The present invention is not limited to the embodiments described above, and various modifications are possible.

In the embodiment described above, most of the components can be configured as hardware or as a software configuration based on the blocks shown in FIG. 9. The structure and operation of such an embodiment device will be explained with reference to FIGS. 10 and 11.

Grayscale value image data sent from the host computer is sent to the image memory 22 via the interface section 21. For example, the image data in the image memory 22 is 12
This is 8-bit data, which is read out sequentially and converted to 8-bit data by a VLT (video lookup table) 23, and then sent to a D/A converter 25 and a video controller 26.
It is displayed on the CRT 27 via. The configuration up to this point is almost the same as the conventional device, but the VLT generation section 24 is different.

The VLT generating section 24 has a software configuration as shown in FIG. That is, the band setting value described in the above embodiment is input to the window function reading section 24B, and the write address is controlled by the data corresponding to O to 4095 from the VLT memory address generation section. 8-bit data for display is obtained by the window function of the band setting value that includes the VLT address, and
Written to LT23. At this time, the first window band and the second window band are determined based on the same concept as in the embodiment, and a signal based on the determination result is output, and the first window function section 24G or the second window function section 24D Select one of them and output it, and output that output to VL.
It is set to predict T23.

As a result, the window functions W1 and W2 shown in Fig. 11 (a>, (b)) are clipped and synthesized using the band setting values shown in Fig. 11 (C) and synthesized as shown in Fig. 11 (d). A composite function W as shown is obtained. Since this is written as a VLT pattern, the same effects as in the above embodiment can be achieved.

[Effects of the Invention] According to the present invention detailed above, when performing processing using a plurality of window functions, it is possible to perform processing so that no overlap occurs even if any one of the functions is changed. It is possible to provide a nonlinear window processing device that does not cause errors.

Therefore, for example, no matter how you change the density value of an organ, it will not have an adverse effect on the window displaying the lungs, and conversely, changing the window for the lungs will have an adverse effect on the organ display window. Never.
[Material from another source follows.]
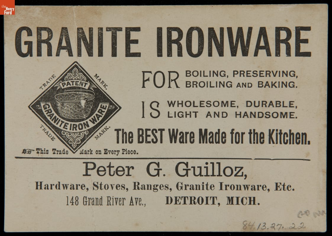 Text on reverse, in part: FOR BOILING, PRESERVING, BROILING AND BAKING. IS WHOLESOME, DURABLE, LIGHT AND HANDSOME. The BEST Ware Made for the Kitchen. Peter G. Guilloz, Hardware, Stoves, Ranges, Granite Ironware, Etc...DETROIT, MICH./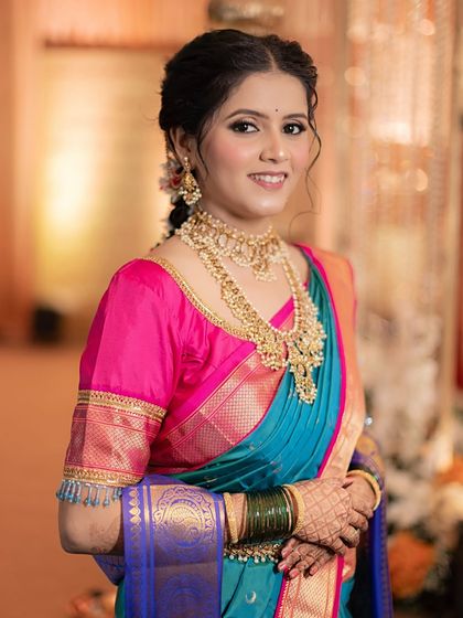 We do natural, dewy bridal and event makeup, hair styling, and saree draping for all wedding functions, with special expertise in Maharashtrian and South Indian looks.

[Brief explanation of the drawing]

Fig. 1 is a block diagram showing an embodiment of the present invention, Fig. 2 is a format diagram of band setting values used therein, and Figs. 5 to 8 are data flow diagrams for explaining the operation of the present invention. FIG. 9 is a block diagram showing another embodiment of the present invention. Detailed block diagram of the VLT generation section included in Figure 9, Figure 11 (a)
). (b), (c), and (d) are diagrams showing a window function for explaining the operation of Figure 10, Figure 12 is a diagram showing a linear window function, and Figures 13 and 14 are problems caused by the conventional device. Diagram showing a window function for explaining points, No. 15
The figure is a block diagram of a conventional device, and FIG. 16 is a data format diagram of a video lookup table of the conventional device. 1...Interface, 2...Image memory,
3... Grayscale value band recognition section, 4... First window conversion section, 5... Second window conversion section, 6... Window selection section, 7... D/A converter, 8
...Video controller, 9...Monitor. Figure 3 Figure 4: (a) Figure 11 Figure 5P112

Claims (1)

[Claims] In a device that performs window processing of input data using a plurality of window functions, the relationship between each window function and the band of input data that matches it is set in advance,
The window function of the band to which the input data belongs is selected from the input data, and the data of each band is processed by the individual window function, and the output of each window processing section is combined and presented for display. A nonlinear window processing device.